→ **The problem**
Skipping all pictures, please restate word for word the lines from the one that contains "Top Position ha" through the last line of the entries.

→ **Dataset extract**
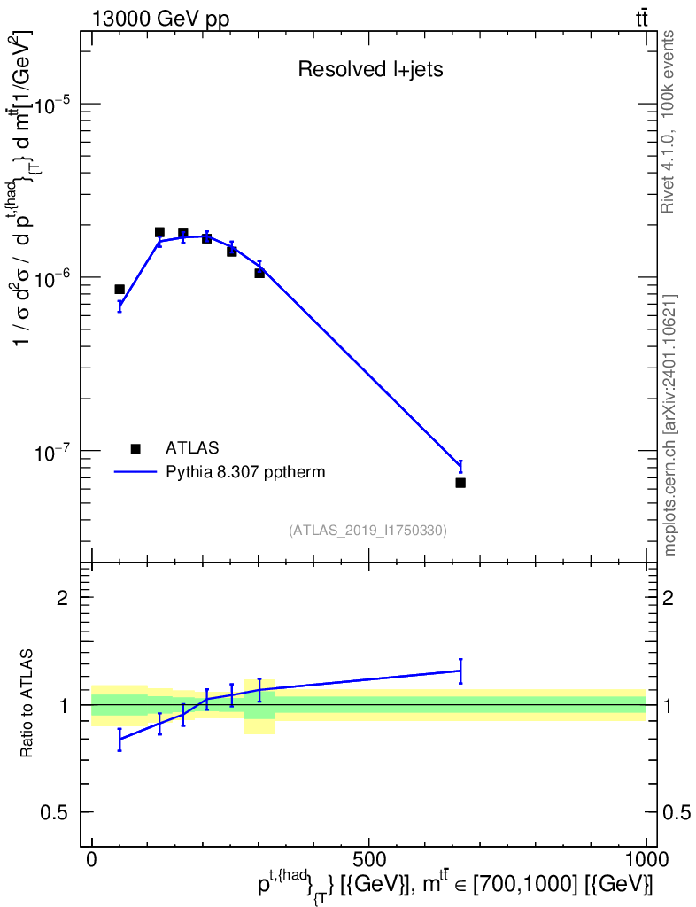 Lines: data, pythia8 8.307 pptherm |
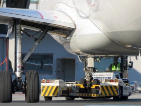 lifted off the ground by the towbar-less tug.
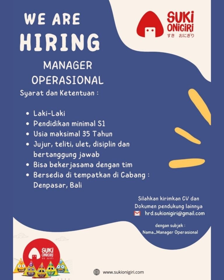 Suki Onigiri membuka kesempatan berkarier bagi Anda yang berpengalaman dan siap memimpin tim sebagai Manager Operasional di cabang Denpasar, Bali.
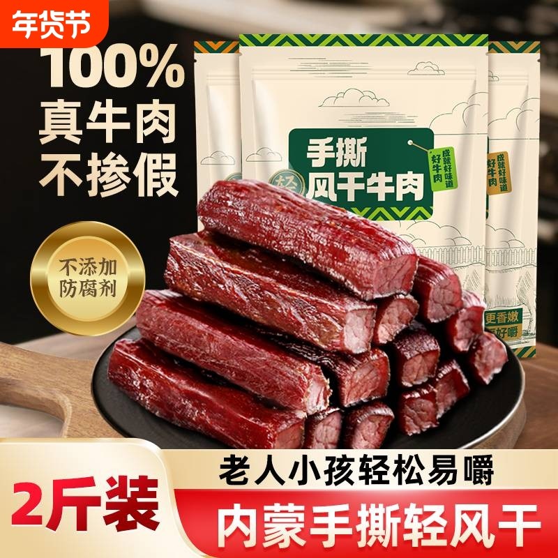手撕风干肉内蒙古特产内蒙小零食肉干风干牛肉干真空小牛健康
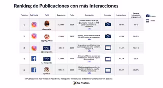 Top Position ha realizado un estudio sobre la viralidad de publicaciones relacionadas con el coronavirus en Facebook, Twitter e Instagram, analizando las publicaciones con más interacción en cada una de estas redes sociales. Instagram es la red social más viral, alcanzando con las primeras diez publicaciones los 4,5 millones de interacciones, seguida de Facebook con 1,6 millones millones y Twitter con 382.000 interacciones
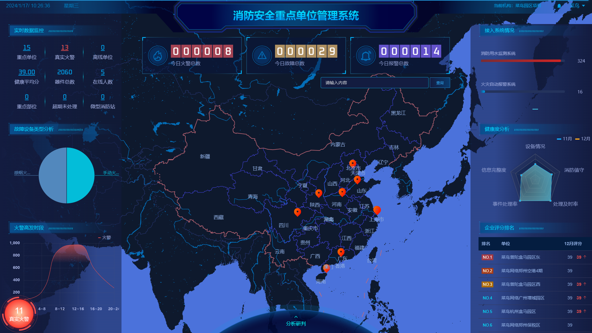 以現(xiàn)代化科技為手段,尼特為菜鳥量身打造了智慧消防解決方案,提供集動(dòng)態(tài)監(jiān)測(cè)、智能分析、風(fēng)險(xiǎn)預(yù)判、專項(xiàng)整治、綜合管理于一體的一站式消防信息化升級(jí)服務(wù),在菜鳥鄭州保稅區(qū)、鄭州空港區(qū)、濟(jì)南歷城區(qū)、??谂R空區(qū)、廣州增城區(qū)等重點(diǎn)園區(qū)及盒馬地塊實(shí)現(xiàn)了廣泛應(yīng)用,為菜鳥構(gòu)建了全面高效可靠的消防安全體系。

→ **Answer to this task**
 Top Position ha realizado un estudio sobre la viralidad de publicaciones relacionadas con el coronavirus en Facebook, Twitter e Instagram, analizando las publicaciones con más interacción en cada una de estas redes sociales. Instagram es la red social más viral, alcanzando con las primeras diez publicaciones los 4,5 millones de interacciones, seguida de Facebook con 1,6 millones millones y Twitter con 382.000 interacciones
 以現(xiàn)代化科技為手段,尼特為菜鳥量身打造了智慧消防解決方案,提供集動(dòng)態(tài)監(jiān)測(cè)、智能分析、風(fēng)險(xiǎn)預(yù)判、專項(xiàng)整治、綜合管理于一體的一站式消防信息化升級(jí)服務(wù),在菜鳥鄭州保稅區(qū)、鄭州空港區(qū)、濟(jì)南歷城區(qū)、??谂R空區(qū)、廣州增城區(qū)等重點(diǎn)園區(qū)及盒馬地塊實(shí)現(xiàn)了廣泛應(yīng)用,為菜鳥構(gòu)建了全面高效可靠的消防安全體系。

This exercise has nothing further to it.